Sul profano

sabato 22 Giugno 2013

Qualche anno fa, per una mostra sul sacro che c’è stata alla galleria civica di Modena, mi hanno chiesto di scrivere un pezzo sul sacro e io l’ho scritto e cominciava così: «Quando stendi il bucato, e poi esci e torni a casa e senti odore di sapone di Marsiglia. Quando hai un computer nuovo e stai caricando il programma di scrittura. Quando sei in giro, in centro, con tua figlia, e ti volti a vedere se è dietro di te e la vedi e ti vien da pensare “Ma com’è bella”. Quando firmi un contratto di allacciamento del gas.
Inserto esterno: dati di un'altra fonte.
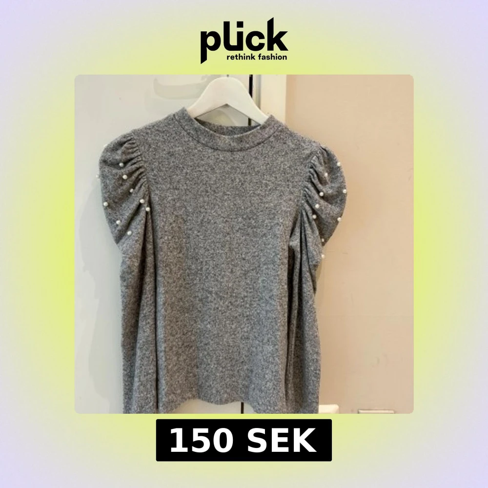 Supersnygg grå stickad tröja med puffiga långärmar dekorerade med pärlor längs rynkningen. Tröjan har en rund hals och mjukt material som känns skönt mot huden. Perfekt för dig som gillar stilrena detaljer och vill ha något extra till din outfit.

Quando vedi che gli alberi sono diversi e pensi “L’autunno ha cambiato il giardino”. Tutte le volte che ti svegli che hai fame. Quando senti qualcuno che sta attento a quello che dice. Quando ti rammendi le tasche della giacca. Quando si beve il primo vino dell’anno, hai vent’anni, e sembra un succo di frutta, sì e no cinque gradi. Quando vedi un uomo assorto nei suoi pensieri. Quando stai per lasciare l’appartamento nel quale hai abitato tre anni, fai l’ultimo giro e trovi il mozzicone di candela che avevi usato il primo giorno che c’eri entrato, che non ti avevano ancora attaccato la corrente. Quando stai stendendo i panni e ti sorprendi a cantare» e poi andava avanti e l’altro giorno, non so perché, mi è venuto in mente che si potrebbe fare anche un controelenco, che si potrebbe chiamare, con poca fantasia, Sul profano e che potrebbe cominciare così: «Quando non ti ricordi se hai preso o non hai preso le pillole. Quando lasci in frigorifero il prosciutto per due settimane. Quando ti alzi tre volte di seguito perché suona il citofono tre volte di seguito e erano, tre volte di seguito, tre persone che volevano mettere dentro la cassetta delle lettere della pubblicità, e tu lavori in casa, e ti sei interrotto, tre volte di seguito, nel lavoro che stavi facendo. Quando sei a Milano, un venerdì, e senti dire “Buon week end”, e poi, dopo un po’, senti dire ancora «Buon week end», e tu lavori in casa, e il sabato e la domenica lavori come tutti gli altri giorni, e per te dire «Buon week end» equivale a dire “Buon martedì e mercoledì”, e ti vien da pensare che tu, i milanesi, non li capisci. Quando sei su un treno e ci sono due mamme con due bambini piccoli che sembra che siano convinte che il fatto di avere due bambini piccoli le esenti dall’essere degli esseri adulti, e ragionevoli, e riservati. Quando ti accorgi che la gente ti dà fastidio, e ti vien da pensare che la colpa non è della gente».